I'm trying to understand if (and why) the copy is required specifically in the case where the input C string is a string literal.我试图了解是否(以及为什么)在输入 C 字符串是字符串文字的情况下特别需要副本。 I would think that the std::string
could simply refer to the string literal instead of creating a copy, so that the following code would only create "some literal"
once.我认为std::string
可以简单地引用字符串文字而不是创建副本,因此以下代码只会创建一次"some literal"
。
std::string str1("some literal");
std::string str2("some literal");
Certainly, performing a copy for C strings that aren't string literals is wise, because it allows the std::string
to manage the lifetime of the data that it refers to.当然,对不是字符串文字的 C 字符串执行复制是明智的,因为它允许std::string
管理它引用的数据的生命周期。 However, this is not an issue for string literals because they exist for the lifetime of the program.但是,这对于字符串文字来说不是问题,因为它们在程序的生命周期内都存在。

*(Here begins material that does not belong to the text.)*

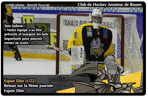 A l'image du portier rouennais, l'international U20, Tom Aubrun, « « Notre équipe a su être présente et marquer les buts importants pour pouvoir mener au score. C'est une victoire qui fait plaisir après la défaite difficile de la semaine dernière. Ramener les trois points était important pour nous, cela nous permet de reprendre de la confiance nécessaire pour aborder la suite. » Après la rencontre jouée à Villard-de-Lans, c'est un sentiment de soulagement qui habitait les rouennais. Rassérénés par l'ouverture du score de Johan Saint-André, les rouennais géreront tranquillement leur rencontre en disposant des Ours 4 buts à 1 (résumé) dans une journée où les quatre premiers du classement s'imposeront face aux quatre suivants, un faux-pas bien fâcheux était à éviter pour les quatre protagonistes du haut du classement avec la palme pour Hockey 74 qui signait le « carton » de la saison avec une victoire 16-2 sur Reims, prochain opposant aux rouennais. Toujours leaders à la différence de but sur Grenoble, les Rouennais enlaceront un nouveau succès en Champagne. Craintifs avant la rencontre comme le soulignait l'ex-rouennais Benoît Valier « Je m'attends à un match très compliqué. Je sais que ça va être dur de s'imposer face à Rouen. » les phénix ne parviendront à poser des problèmes aux rouennais que par quelques fulgurances. (présentation) Artisan de la victoire rouennaise avec 5 points, 2 buts, 3 passes, Dimitri Thillet marquait de son empreinte un match qu'ils domineront de la tête et des épaules. A 6-0 au début du troisième tiers, les deux buts rémois ne troubleront guère la marche en avant des Dragons victorieux 7-2 (résumé) Une affaire sérieuse pour les rouennais qui assisteront non sans plaisir au succès de Hockey 74, en plein dynamique positive depuis trois matchs face à Grenoble 5-4 en match avancé. De fait, libérés un temps de la pression grenobloise au classement, c'est avec une excitation certaines que les rouennais aborderont le tournant de la saison régulière à mi-parcours avec une double confrontation décisive face à Amiens. Deux derbys en une semaine, le dimanche en Picardie, le mercredi en Normandie, difficile de rêver mieux pour les « jaune & noir » Au fil des années, la Fédération Française des Sports de Glace avaient habitué à quelques originalités, c'est donc presque sans surprise que les clubs espoirs aborderont une 11ème journée programmé le même jour qu'une journée de Ligue Magnus. De fait, avec la règle des joueurs formés localement obligeant les clubs senior à intégrer de jeunes français, c'est une journée totalement galvaudée qui se tiendra. Victime de cet inique mépris du championnat Espoir, Amiens sera salement puni pour avoir fait le choix de jouer la carte jeune en Ligue Magnus. Honteux. De la première manche entre Rouen et Amiens, seule la victoire 10-1 jaune et noir importera face à une équipe d'Amiens beaucoup trop jeune et tendre pour contrarier les Normands (résumé) « Après notre défaite de justesse à Amiens 6 buts à 5, nous avions à cœur de rebondir. Même si le niveau des deux équipes n'était pas à leur juste valeur du fait des nombreuses absences, nous avons réussi à prendre le dessus et à nous faire plaisir en équipe avec une bonne partie de notre gardien Tom Aubrun qui nous tient dedans. Nous nous maintenons en tête d'un classement plutôt serré où le moindre faux pas pourrait nous couter cher. Pas le temps pour nous de souffler, nous devons nous tenir prêt pour les prochaines échéances à commencer par ce mercredi à la maison face à Amiens » à l'image du défenseur Théo Lanvers personne n'était dupe du côté rouennais et chacun savait que cette victoire galvaudée sera rapidement oubliée à l'issue du « vrai match » du mercredi sur l'Ile Lacroix. Même son de cloche du coté amiénois avec le capitaine Antoine Buriez également prêt au combat « Nous abordons ce match plutôt confiants d'autant plus que la dernière fois que nous avons joué à effectif « complet », nous sommes parvenus à jouer un très bon match qui s'est soldé sur un score de 6-5 en notre faveur. Depuis tout petit, ces matchs là, on les attend et on se doit de les gagner avec l'envie. Forcement aujourd'hui c'est encore le cas, les deux équipes se donnent à fond et à chaque fois on se retrouve avec des matchs intensifs. » (présentation) De ce choc entre les deux rivaux historiques naîtra l'une des plus truculentes confrontations avec une partie en deux temps, la première largement dominée de jaune et de noir avec un score à l'avantage des Dragons 5-1 à l'entame du deuxième tiers, la deuxième bien plus florissante our les Gothiques qui parviendront à trouver le chemin des filets rouennais à cinq reprises, Rouen arc-bouté sur sa défense parvenant à sauver les meubles au plus fort du tsunami rouge et noir en marquant deux buts pour conclure une épique victoire 7-6 dans le temps réglementaire (résumé). Affaire parfaite au classement pour les Dragons en dépit d'un score inquiétant.

Also, since we are talking about const
strings, we don't need to worry about the underlying data being changed during the program and breaking the value semantics of the std::string
s.此外,由于我们在谈论const
字符串,因此我们无需担心在程序期间更改底层数据并破坏std::string
的值语义。 Well, at least as long as const_cast
isn't used, but using const_cast
is asking for trouble anyway, so I'm not too worried about that case.嗯,至少只要const_cast
不使用,但使用const_cast
是自找麻烦呢,所以我不会太担心这种情况。
So, is there any reason why the compiler can't optimize this case to have const std::string
s refer to const char*
s instead of creating copies?那么,编译器有什么理由不能优化这种情况,让const std::string
s 引用const char*
s 而不是创建副本? Alternatively, if the cppreference link was incorrect, and this optimization actually is implemented by some compilers, which compilers support this?或者,如果cppreference链接不正确,而这种优化实际上是由一些编译器实现的,哪些编译器支持?
For the sake of this question, let's assume that the string literal is long enough that the small string optimization won't be a factor.为了这个问题,让我们假设字符串文字足够长,小字符串优化不会成为一个因素。
In your example, a std::string
simply receives a pointer, it has no way of know what kind of memory that pointer is actually pointing at.在您的示例中, std::string
只是接收一个指针,它无法知道该指针实际指向的内存类型。
The fact that the pointer is declared as pointing to const data is not relevant.指针被声明为指向 const 数据这一事实无关紧要。 A pointer to non-const data can be assigned to a pointer to const data (creating read-only access to otherwise writable data).可以将指向非常量数据的指针分配给指向常量数据的指针(创建对其他可写数据的只读访问)。
The std::string
simply has no way of knowing that the pointer it is given is pointing at a string literal. std::string
根本无法知道它给出的指针指向字符串文字。 The pointer could just as easily be pointing at an array on the call stack, or to a memory block allocated with new
, or to memory owned by an external library.指针可以很容易地指向调用堆栈上的数组,或指向分配有new
的内存块,或指向外部库拥有的内存。
There is nothing special about a narrow string literal, it is not some magic type that std::string
could adjust its behavior for.窄字符串文字没有什么特别之处,它不是std::string
可以调整其行为的某种魔法类型。 It is just a plain ordinary const char[]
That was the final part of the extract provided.